Assuming a constant exhaust velocity, integrating this with respect to time results in the ideal rocket equation for a single stage of a rocket: $$\Delta v = v_e \ln\left(\frac{m_0}{m_f}\right)$$ where

$\Delta v$ is the rocket's change in velocity,$v_e$ is the effective velocity at which exhaust leaves the rocket,$m_0$ is the rocket's initial mass (payload, structure, and propellant),$m_f$ is the rocket's final mass (payload and structure), and$\ln(x)$ is the natural logarithm function.

This means that having a rocket's change in velocity exceed the rocket's exhaust velocity is eminently achievable. It requires that the rocket's initial mass be at least 63% propellant. Rockets that propel things into space typically have an initial mass that is about 90% propellant.

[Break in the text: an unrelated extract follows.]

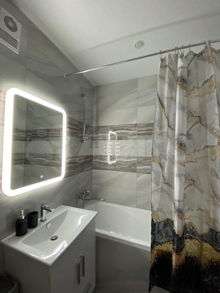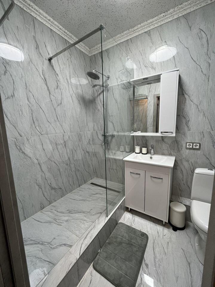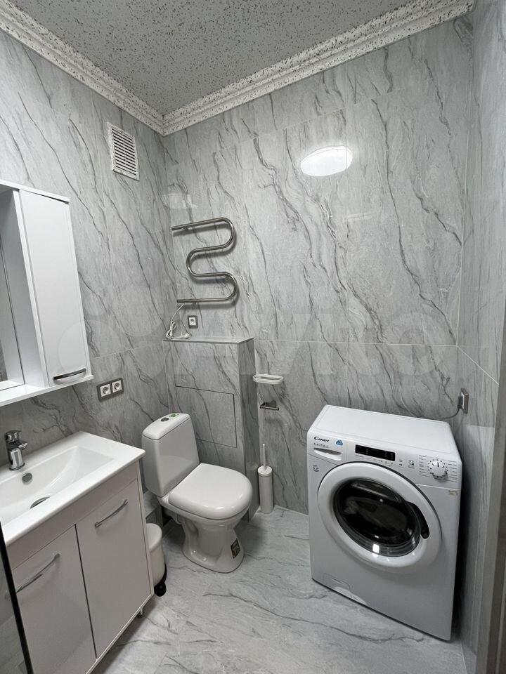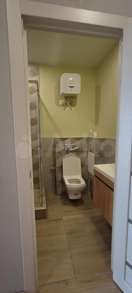 В квартире совмещенный с/у, душевая кабина, водонагреватель.

As a rule of thumb, trying to make a single stage of a rocket have a delta V that is more than three times exhaust velocity is pushing the rocket equation a bit too hard. That would require, at a minimum, a rocket whose initial mass is 95% propellant. A more realistic value is a rocket whose initial mass is in the neighborhood of 90% propellant. This results in a rocket that ideally has a delta V that is 2.3 times exhaust velocity.

This, by the way, is why the concept of a single stage to orbit rocket is appealing and yet seemingly just out of grasp. The delta V needed to put a payload into low Earth orbit ranges from over 9 km/s to a bit over 10 km/s, depending on the rocket. A rocket whose initial mass is 90% propellant and whose exhaust velocity is 4 km/s (both of which are feasible) can ideally achieve a delta V of 9.2 km/s. This is just in range of what is feasible. The problem is the word "ideally". That a single stage to orbit rocket is just on the cusp of what is feasible means that organizations that want to put things into orbit or beyond inevitably take on the significant added complexities associated with multistage rockets.